### WHAT THE TASK REQUIRES
Transcribe the whole listing exactly; the images stay out.

### COLLECTED DATA
──────

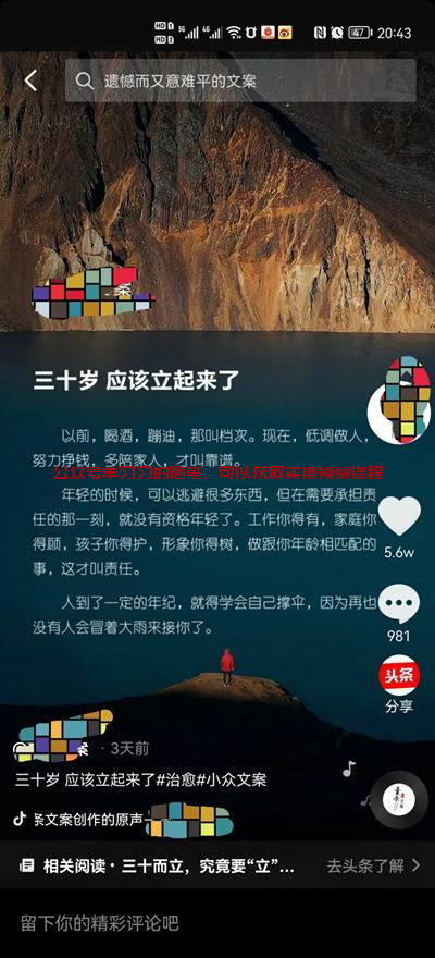 想做抖音的新手朋友,不妨试试文案号这个门槛这么低的类型吧,坚持去输出,相信可以取得不错的效果的
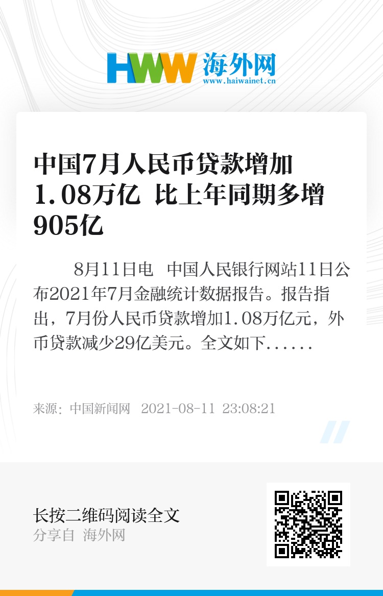 中新网8月11日电 中国人民银行网站11日公布2021年7月金融统计数据报告。报告指出,7月份人民币贷款增加1.08万亿元,外币贷款减少29亿美元。全文如下:
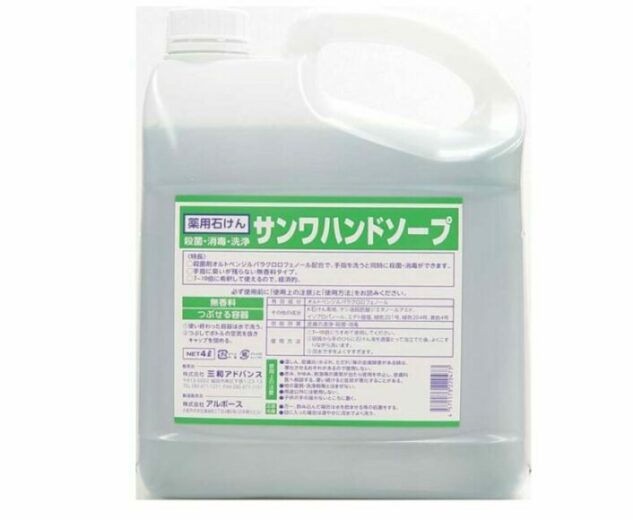 ・殺菌剤(オルトベンジルパラクロロフェノール)配合 ・手指に匂いが残らない無香料タイプ。 ・泡ハンドソープディスペンサーで使用可能。 ・3~5倍希釈の経済的な濃縮タイプ。(実使用量:12~20kg) |

──────

### ANSWER TO THE PROBLEM
 想做抖音的新手朋友,不妨试试文案号这个门槛这么低的类型吧,坚持去输出,相信可以取得不错的效果的
 中新网8月11日电 中国人民银行网站11日公布2021年7月金融统计数据报告。报告指出,7月份人民币贷款增加1.08万亿元,外币贷款减少29亿美元。全文如下:
 ・殺菌剤(オルトベンジルパラクロロフェノール)配合 ・手指に匂いが残らない無香料タイプ。 ・泡ハンドソープディスペンサーで使用可能。 ・3~5倍希釈の経済的な濃縮タイプ。(実使用量:12~20kg) |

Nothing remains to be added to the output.